Только Кате он, кажется, не нужен. Зря он ей наговорил про работу, акции… По сути, эта информация ничего о нём самом не говорит. Ну, пробился, зацепился в Москве, молодец, только вряд ли это действительно волнует Катю. И то, что он способен поставить цель и добиться её, совсем не отменяет того факта, что он и, правда, словно мотылёк, порхал от с цветка на цветок, точнее, от бабочки к рыбке и прочим доступным представителям фауны. При этом считая каждую особь женского пола хищницей… Бедненький мальчик Ромочка, обидела его девушка Сонечка, и он, обиженный, всех под одну гребёнку сгрёб, мол, все женщины одинаковые. А ведь вроде не имбецил, университет закончил и должен был понимать, что к чему.

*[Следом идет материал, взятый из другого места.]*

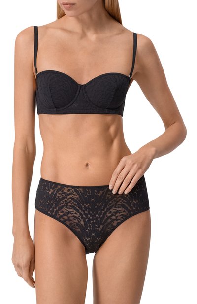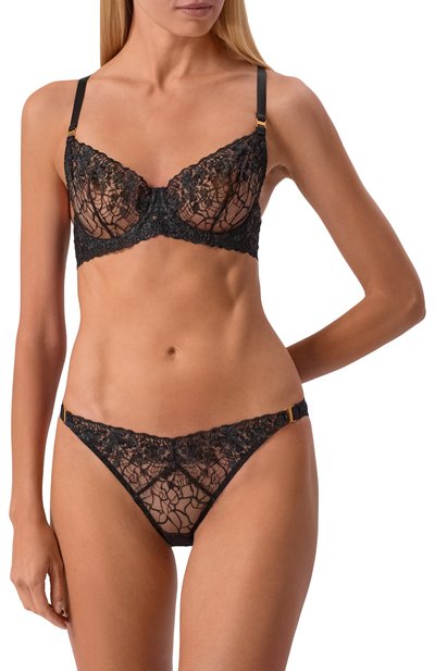 Трусы-слипы из коллекции Nara выполнили из эластичного сетчатого трикотажа ROICA™ Elastane на основе переработанных материалов. На боковых перемычках модель декорировали пряжками-монограммами с покрытием 24-каратным золотом.
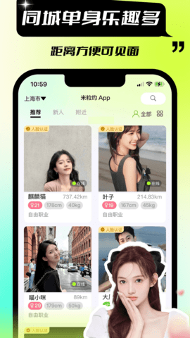 米粒约app是一款专为都市单身青年打造的同城交友平台,致力于为用户提供真实、有趣的社交体验。平台汇聚了海量同城优质用户,通过智能算法精准匹配,帮助用户快速找到志同道合的朋友。在这里,你可以轻松浏览附近帅哥美女的个人主页,通过即时聊天功能建立联系,还能参与线下聚会活动。无论是想寻找恋爱对象,还是拓展社交圈,米粒约都能满足你的需求。平台采用严格的实名认证机制,确保交友环境安全可靠,让每位用户都能放心社交。
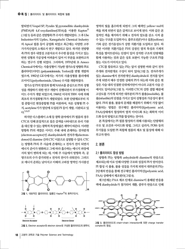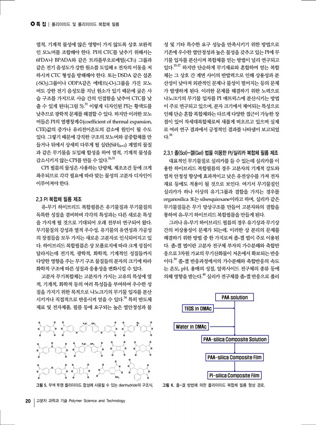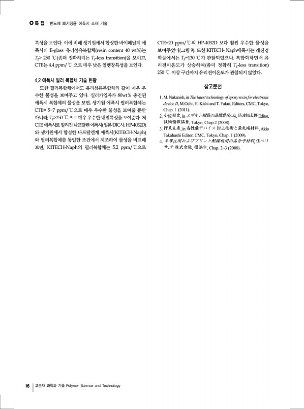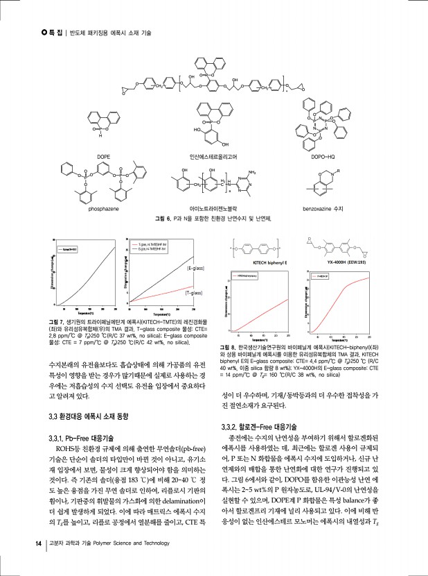 특 집 | 반도체 패키징용 에폭시 소재 기술 16 고분자 과학과 기술 Polymer Science and Technology 특성을 보인다. 이에 비해 생기원에서 합성한 바이페닐계 에 폭시의 E-glass 유리섬유복합체 resin content 40 wt% 는 Tg 250 ℃ 좀더 정확하게는 Tg-less transition 을 보이고, CTE는 4.4 ppm/℃ 으로 매우 낮은 열팽창특성을 보인다. 4.2 에폭시 필러 복합체 기술 현황 또한 필러복합체에서도 유리섬유복합체와 같이 매우 우 수한 물성을 보여주고 있다. 실리카입자가 80wt% 충진된 에폭시 복합체의 물성을 보면, 생기원 에폭시 필러복합체는 CTE= 57 ppm/℃으로 매우 우수한 물성을 보여줄 뿐만 아니라, Tg 250 ℃으로 매우 우수한 내열특성을 보여준다. 저 CTE에폭시로 알려진 나프탈렌 에폭시 일본DIC사, HP-4032D 와 생기원에서 합성한 나프탈렌계 에폭시 KITECH-Naph 와 필러복합체를 동일한 조건...
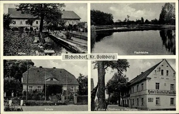 Ak Modlikowice Modelsdorf Niederschlesien, Fischteiche, Rinke's Gasthof, Schule, Mühle

А уж какими эпитетами он «награждал» Катю… Словно то, во что упакован человек, важнее того, что этот человек из себя представляет. Даже и не вспомнить теперь, чем ему Катя так не понравилась. Ведь те же брекеты носила и его секретарша Шурочка, а в её адрес он никогда не позволял себе говорить таких оскорбительных слов. Да и сам давно ли носил, что попало? Фланировал по универу в старых джинсах и свитерке и не парился. Копил на машину и у родителей денег брать не хотел. Даже питался в тот период кое-как. И никто почему-то не смотрел на него, как на убогого. А он над девушкой смеялся и гадости говорил. Молодец, нашёл слабого для своих словесных извращений. А теперь несправедливо обиженным себя посчитал.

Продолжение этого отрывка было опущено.